1. ✅ **Immediate Fix** - Applied (check-then-update logic)

2. **High Priority** - Add unique constraint migration

3. **Medium Priority** - Implement content hashing to skip unnecessary updates

4. **Low Priority** - Migrate to ON CONFLICT for performance

## Files Modified

- ✅ backend-saas/core/graphrag_engine.py (lines 1155-1185)

- ⏳ Migration to add unique constraints (TODO)
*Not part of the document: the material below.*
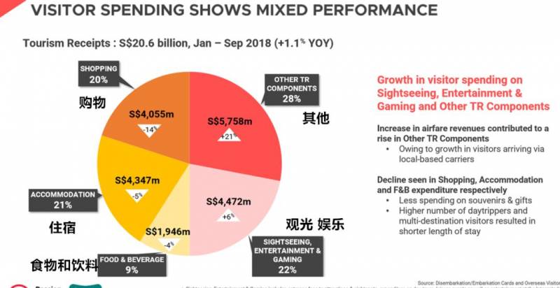 2、住宿花费占了21%,为43亿4700万新币,比2017年少了5%;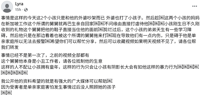 帖文指出,视频中的两名男童为亲兄弟,其母亲长期在新加坡工作,平日将孩子托付给父母照顾,而影片中施暴的男子则是两名男童的舅舅。

- ⏳ ON CONFLICT implementation (TODO)

## Deployment

Commit message ready:

git add backend-saas/core/graphrag_engine.py
git commit -m "fix: implement GraphRAG entity deduplication to prevent duplicate nodes

CRITICAL BUG FIX: Prevents duplicate GraphNode creation on repeated ingestion.

Changes:
- Check for existing nodes by (workspace_id, name, type) before inserting
- Update existing nodes with new description/properties instead of creating duplicates
- Add debug logging for tracking creates vs updates

Root Cause: Previous implementation blindly created new nodes on every ingestion,
causing database bloat and performance degradation with duplicate entities.

Test: Ingest same email twice - should see 1 GraphNode, not 2.

Co-Authored-By: Claude Sonnet 4.5 <noreply@anthropic.com>

Run tests before deploying to verify.